O4 - Global Startup: AOL 7.0 Tray Icon.lnk = C:\Program Files\AOL 7.0b\aoltray.exe
O9 - Extra button: Real.com - {CD67F990-D8E9-11d2-98FE-00C0F0318AFE} - C:\WINDOWS\System32\Shdocvw.dll
O9 - Extra button: Messenger - {FB5F1910-F110-11d2-BB9E-00C04F795683} - C:\Program Files\Messenger\MSMSGS.EXE
O9 - Extra 'Tools' menuitem: Messenger - {FB5F1910-F110-11d2-BB9E-00C04F795683} - C:\Program Files\Messenger\MSMSGS.EXE
O12 - Plugin for .spop: C:\Program Files\Internet Explorer\Plugins\NPDocBox.dll
O14 - IERESET.INF: START_PAGE_URL=http://www.freeserve.com/
O16 - DPF: ChatSpace Java Client 2.1.0.76L - http://62.232.36.79:8000/Java/cs4msl076.cab
O16 - DPF: ConferenceRoom Java Client - http://irc4.bondage.com:8080/java/cr.cab
O16 - DPF: Yahoo! Chat - http://cs6.chat.sc5.yahoo.com/c381/chat.cab
O17 - HKLM\System\CCS\Services\Tcpip\..\{779DCDE1-62C0-409F-BB9C-FE30C7F4936C}: NameServer = 205.188.146.145
O17 - HKLM\System\CS1\Services\Tcpip\..\{779DCDE1-62C0-409F-BB9C-FE30C7F4936C}: NameServer = 205.188.146.145
O23 - Service: Panda anti-virus service (PAVSRV) - Panda Software - C:\Program Files\Panda Software\Panda Antivirus 6.0\Pavsrv50.exe
O23 - Service: WAN Miniport (ATW) Service (WANMiniportService) - America Online, Inc. - C:\WINDOWS\wanmpsvc.exe

What do I do now? :(

I've managed to get my desktop picture back - hooray. I just went on to customize desktop options.

The warning balloon is still popping up - what do I do about it?

The files for the balloon did not get deleted.
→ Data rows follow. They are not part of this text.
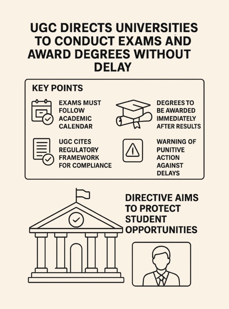 In its communication, the UGC emphasized that examinations must be held strictly in accordance with the academic calendar and that degrees should be conferred shortly after the results are declared. The Commission cited its regulations, including the UGC (Minimum Standards and Procedure for Award of Degrees) Regulations, which mandate the timely execution of these processes.
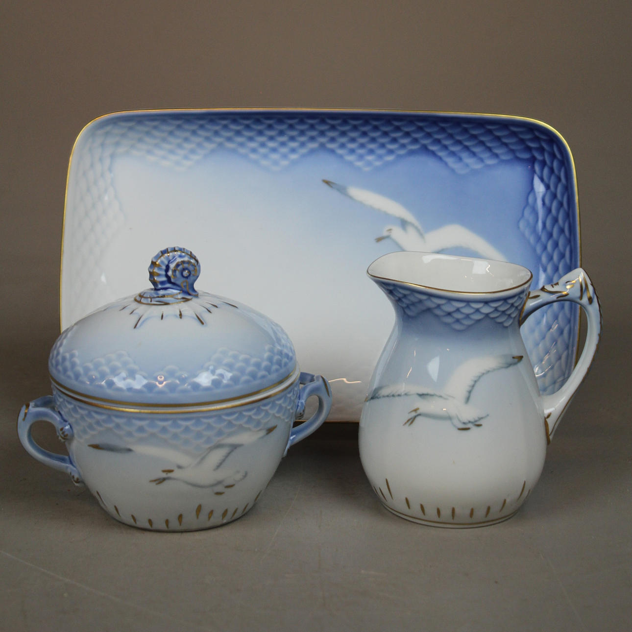 2 lövformade fat, 1 fat på fot bestående av fiskar, 1 ljusstake , 1 vas, 1 kaffekanna, 14 kaffekoppar med fat, 12 assietter, 1 rektangulärt fat, 1 gräddkanna, 1 sockerskål
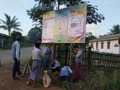 ပဲခူးတိုင်းဒေသကြီး ဘေးအန္တရာယ်ဆိုင်ရာစီမံခန့်ခွဲမှုဦးစီးဌာနမှ တောင်ငူခရိုင်အတွင်း ကိုဗစ်-၁၉ ရောဂါ အသိပညာပေး ဆိုင်းဘုတ်များစိုက်ထူပေး
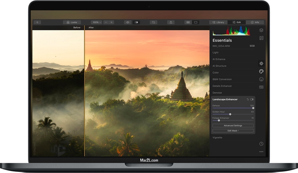 Luminar 4 for Mac 是拉普拉斯网站整理的一款强大的摄影师后期图像处理软件,Luminar 4 可以处理照片的各种问题,内置顶级的处理工具,可以弥补图像光线、色调、光度、对比度、曝光不足等问题,支持多种图片格式,独创人工智能滤镜2.0技术,只需要一个滑块就可以进行很多调整。能够轻松解决色调、细节、曝光、景深、颜色和其他很多问题。新的“人像识别”技术能够识别照片中的人像并且选择性的应用调整,从而得到更加真实的照片。

Before we begin, please be sure that HiJackThis is in its own folder. This will allow us to use backups to restore entries if necessary. Please do not put HiJackThis in a temporary folder, or on the Desktop. I suggest using 'C:\Program Files\Hijackthis\' or C:\HiJackThis\, but any name you choose is fine.
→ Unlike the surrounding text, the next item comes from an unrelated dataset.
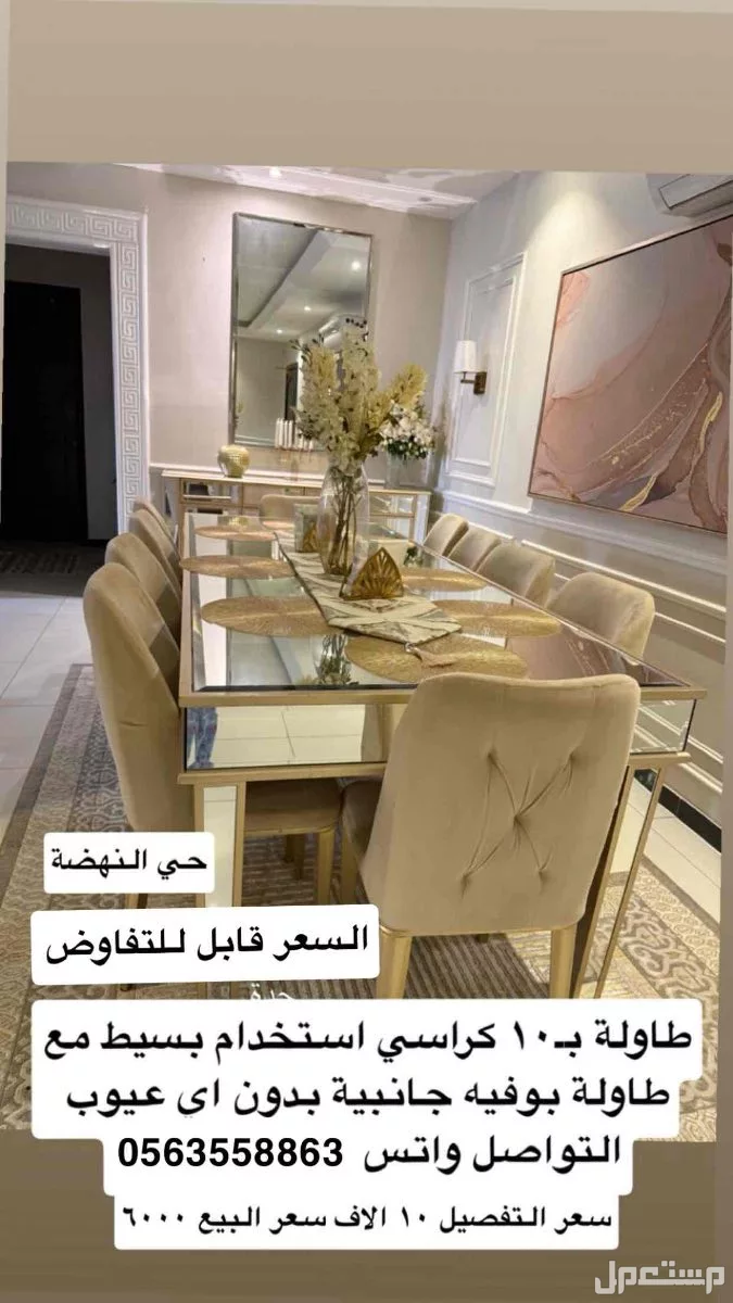 طاولة طعام نظيفة بدون اي عيوب عدد 10 كراسي + دولاب بوفيه سفرة+مرايه +تلبيسة حماية للكراسي كلفتني 10500 البيع ب 5000 وقابل للتفاوض التواصل واتس
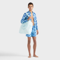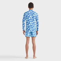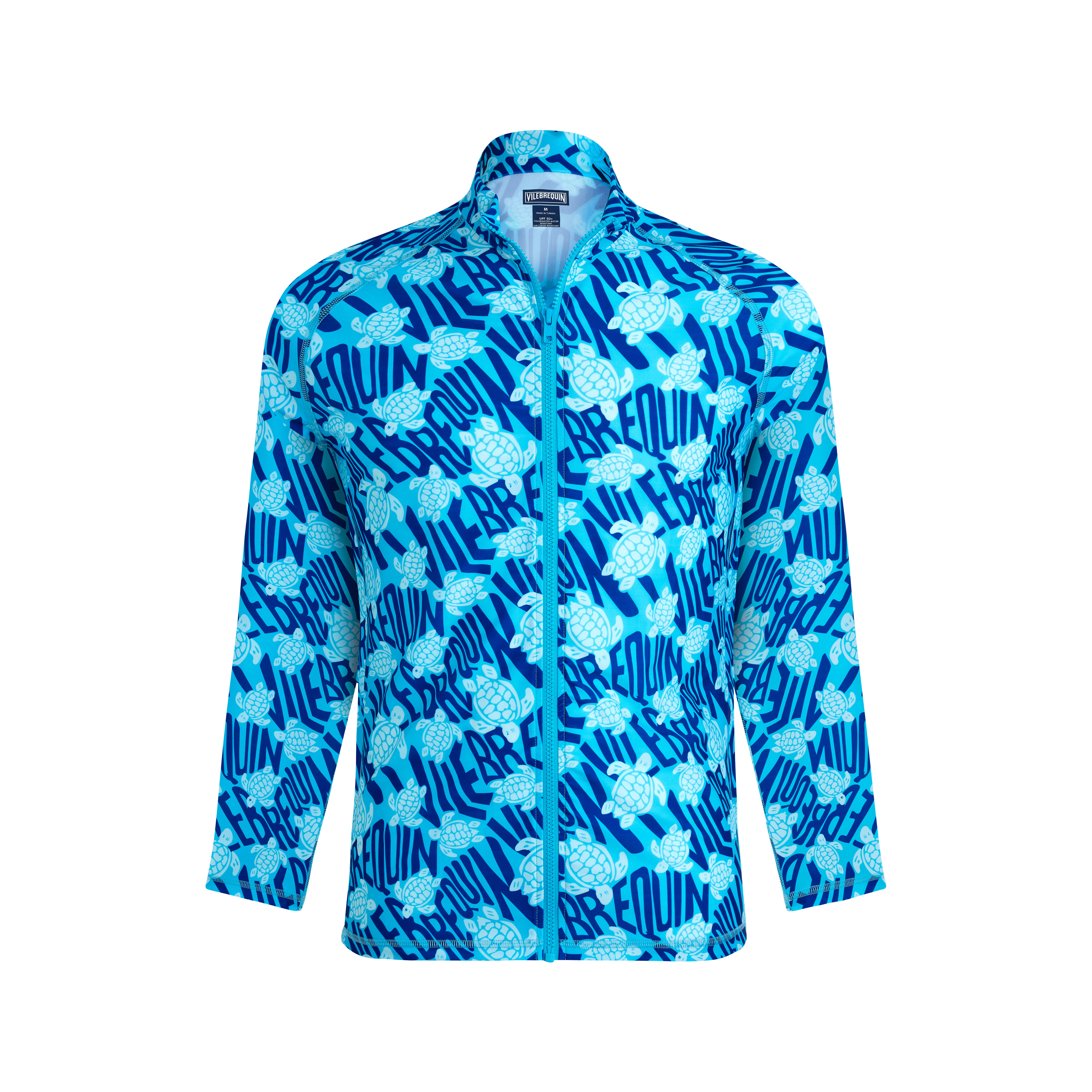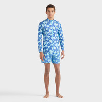 This rashguard, featuring the iconic Ronde des Tortues and Vilebrequin print, provides full UV protection and features a high neck, long sleeves for coverage, and a convenient front zip. - High-neck anti-UV T-shirt for men - Slim fit - Long raglan sleeves - Front zip - Middle back length M size: 27.5" - Sun cream and oil resistant - The model is 6'0.83" and wears a M size - Men Rashguard - Men Rashguard Ronde des tortues logo - 78% recycled polyamide 22% elastane Product Information Style: Rocker-z Model: ROZCR312-612 Color: BLUE TOPAZ / BLUE

Reboot in Safe Mode* and run HiJackThis. <-- IMPORTANT

Check the following items in HijackThis.
(note: If any R* items do not appear in Safe Mode, re-run HiJackThis in Normal Mode and remove them after you finish removing these items.)
O2 - BHO: (no name) - {FFFFDA2C-A0D5-4D60-8EE1-1B7F8929E24D} - C:\Program Files\Lycos\sst.dll

O4 - HKLM\..\RunOnce: [Local runole service] C:\WINDOWS\System32\srvc32.exe
O4 - HKLM\..\RunOnce: [Srv32 spool service] C:\WINDOWS\System32\spoolsrv32.exe
O4 - HKCU\..\RunOnce: [Srv32 spool service] C:\WINDOWS\System32\spoolsrv32.exe
O4 - HKCU\..\RunOnce: [Local runole service] C:\WINDOWS\System32\srvc32.exe

Close all windows except HijackThis and click Fix checked.
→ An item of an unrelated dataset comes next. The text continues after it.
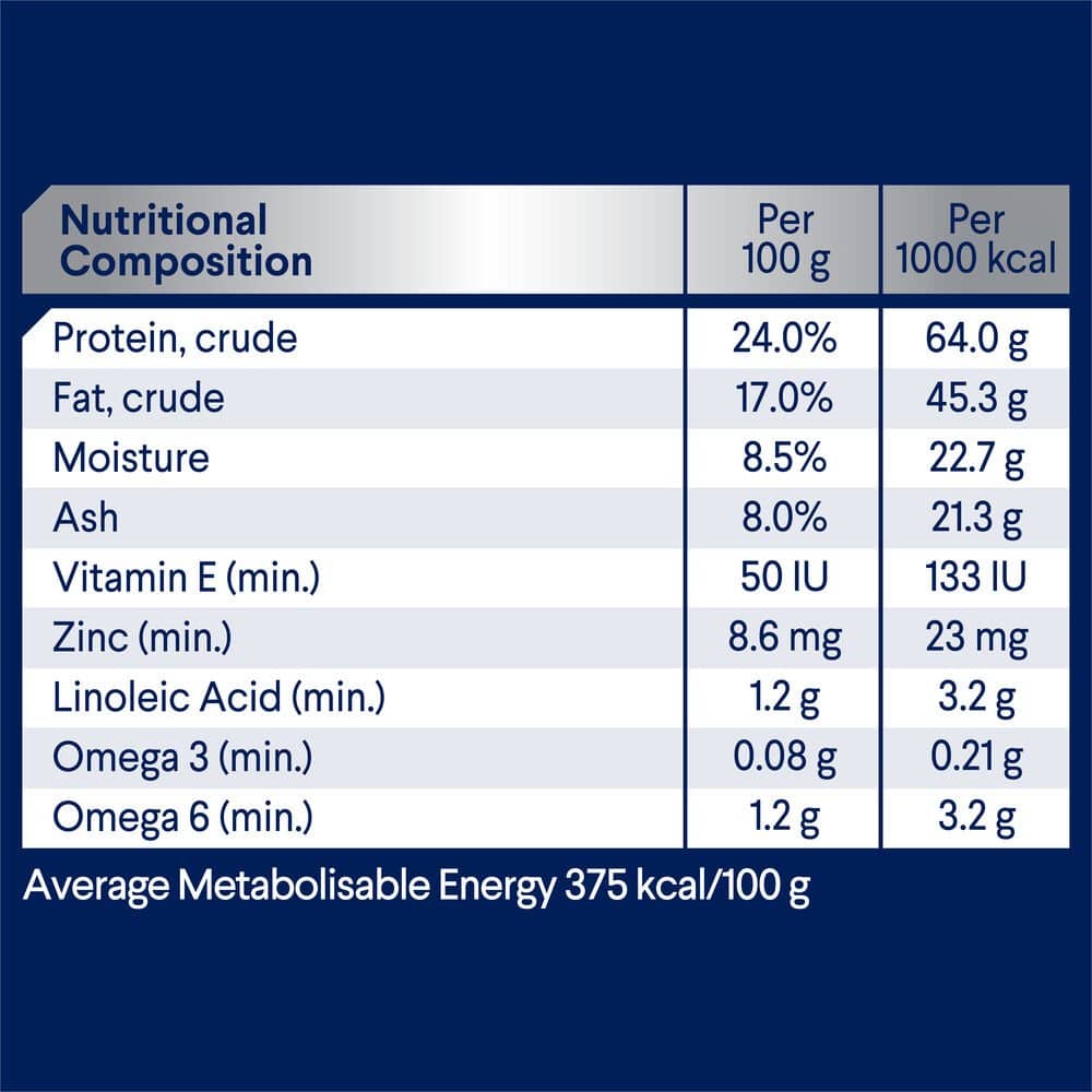 Turkey Meal, Rice, Sorghum, Rice Flour, Chicken Fat, Chicken Meal, Dried Beet Pulp, Natural Flavour (Chicken), Vitamins and Minerals, Salt, Sunflower Oil, Inulin, Antioxidants, Amino Acids (incl. Methionine)
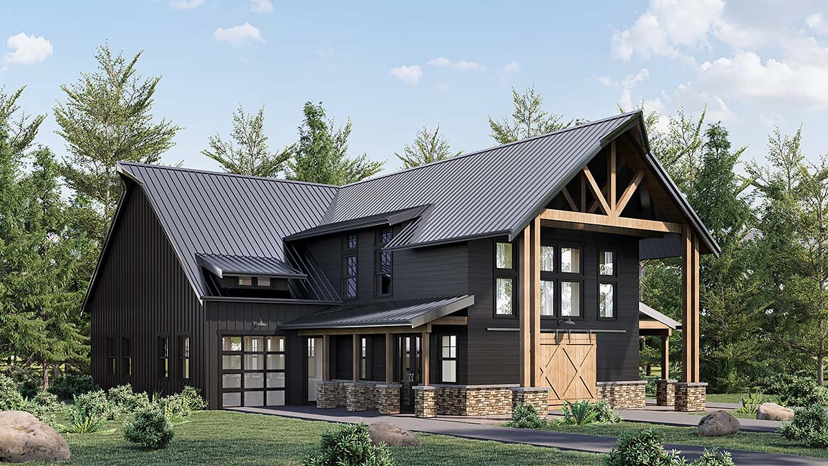 Barndominium, Country, Craftsman, Farmhouse Style House Plan 83804 with 1242 Sq Ft, 2 Bed, 3 Bath, 4 Car Garage

While still in Safe Mode*, delete the following: (you may need to show hidden files**)
(Files specified without a full path will be lcoated in C:\Windows\ or C:\Windows\System32\)
C:\WINDOWS\System32\srvc32.exe
C:\WINDOWS\System32\spoolsrv32.exe

*How to Boot into Safe mode: http://service1.symantec.com/SUPPORT/tsgen...001052409420406
**Show Hidden and System files and folders: http://www.xtra.co.nz/help/0,,4155-1916458,00.html

Also, uncheck the boxes for hiding known file extensions and hiding protected operating system files. We want to see it all. When we finish here, it would be a good idea to rehide the protected operating system files but leave the rest to be shown.

Reboot in normal mode

Run HiJackThis again and post a new log in this thread.